Scott Sumner Plumps for Nominal GDP Targeting--of a Sort
It is a very interesting article. The first half of it is the best conservative argument for nominal GDP targeting that I have ever seen. Then the going gets somewhat weird, for it is a somewhat strange form of nominal GDP targeting he ultimately calls for...
The start of his essay:
Money Rules: Once the devastating costs of deflation are acknowledged, one can no longer imagine an earlier age when the dollar was “as good as gold.” A gold standard stabilizes the price of one good, gold itself, at the cost of allowing instability in the overall price level.... Nor can we avoid the pitfalls of previous gold-standard regimes by getting government out of the picture. If governments did not hold gold reserves for monetary purposes, the value of gold would be even more closely tied to fluctuations in the industrial demand for the metal. In recent years, almost all metals prices have become highly unstable, as rapid industrialization in Asia has pushed up their prices relative to those of other goods. Fixing the nominal price of gold will not lead to price stability.
For better or worse, conservatives need to acknowledge that we live in a fiat-money world, and we need to figure out a way of managing paper money... we can’t dodge the hard questions of macroeconomics and blithely assert that we oppose the Fed’s “meddling” in the economy. There is no laissez faire in fiat money. If the Fed holds the money supply constant, it will be changing the interest rate and the price level. And if it holds interest rates constant, it loses control over the price level and money supply. As a result, many economists now favor some sort of inflation-targeting regime.... But inflation targeting has several defects that in my view make nominal income (or GDP) stabilization a better goal.
One well-known argument against inflation targeting is that there are times when price-level fluctuations are desirable... during a productivity boom, it might be better to have a mild deflation in order to prevent labor markets from overheating. Conversely, a negative supply shock ought to make inflation rise: We don’t want to force all non-energy prices to fall to make up for an oil embargo.
Most of the problems that are believed to flow from an unstable price level actually result from nominal-income instability... Borrowers almost always have trouble repaying debts when nominal income comes in much lower than was expected when the debts were contracted. Some people overlook this problem because they focus on the most spectacular debt problems.... But those cases are merely the tip of the iceberg; the sort of systemic debt problem now faced by the Western world goes far beyond these isolated cases, and can be explained only by the fall in nominal income.
Would my proposal for NGDP targeting merely bail out reckless borrowers?
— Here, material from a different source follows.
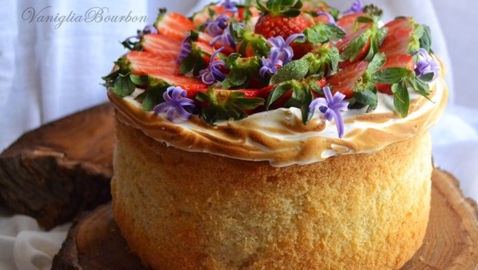Oggi vi lascio la ricetta della mia chiffon cake al prosecco senza glutine che ho meringato con una meringa all’italiana fiammeggiata e completato semplicemente con delle fragole fresche.
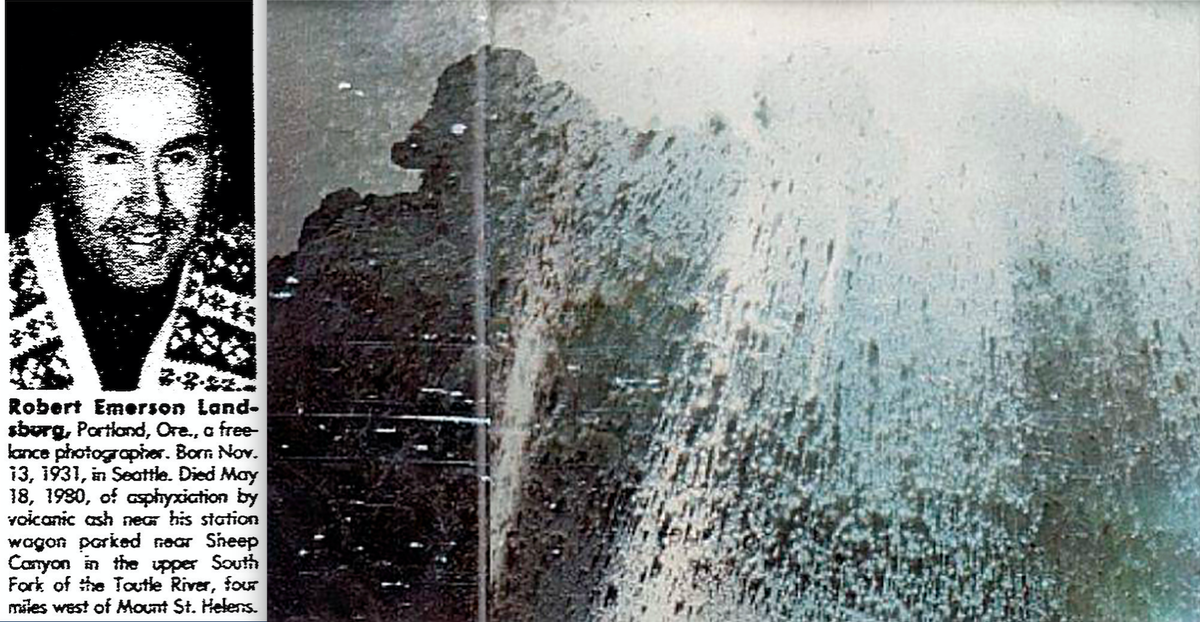 Фотограф Роберт Ландсбург, также дежуривший в нескольких километрах от вершины, понял, что ему не спастись. Он продолжал снимать до последнего, затем смотал плёнку, быстро уложил фотоаппарат в рюкзак, а рюкзак накрыл своим телом. Тело откопали из-под слоя пепла только через 17 дней; на плёнке были бесценные для науки кадры.

No; I am asking the Fed to provide a stable policy environment for the negotiation of wage and debt contracts. Right now, a sudden fall in NGDP growth tends to lead to mass unemployment, lower profits, and sharply higher debt defaults. An unexpectedly large increase in NGDP would cause problems of its own when the stimulative effects wore off. In fact, it is our current policy that is unfair....
If the Fed decides to target NGDP, it will need to choose an optimal growth rate.... There are two NGDP target paths that might be politically acceptable... 3 percent... 5 percent.... The Fed clearly thought that 5 percent nominal growth was fine during the Great Moderation, but the near-zero nominal growth over the past few years has had a disastrous impact, much worse than it would have, had it been expected and factored into wage and debt contracts negotiated in earlier years...
Then, however, things in the essay do get somewhat weird, for it is a somewhat strange form of nominal GDP targeting he ultimately calls for.
It is not that the Federal Reserve buys and sells bonds (government and perhaps private) for cash in order to try to get the money stock and other variables to levels that lead its forecasters to predict that nominal GDP will grow at, say, 5% per year.
Instead, Scott writes that:
[t]he Fed would simply define the dollar as a given fraction of 12- or 24-month forward nominal GDP, and make dollars convertible into futures contracts at the target price.... The public, not policymakers in Washington, would determine the level of the money supply and interest rates most consistent with a stable economy...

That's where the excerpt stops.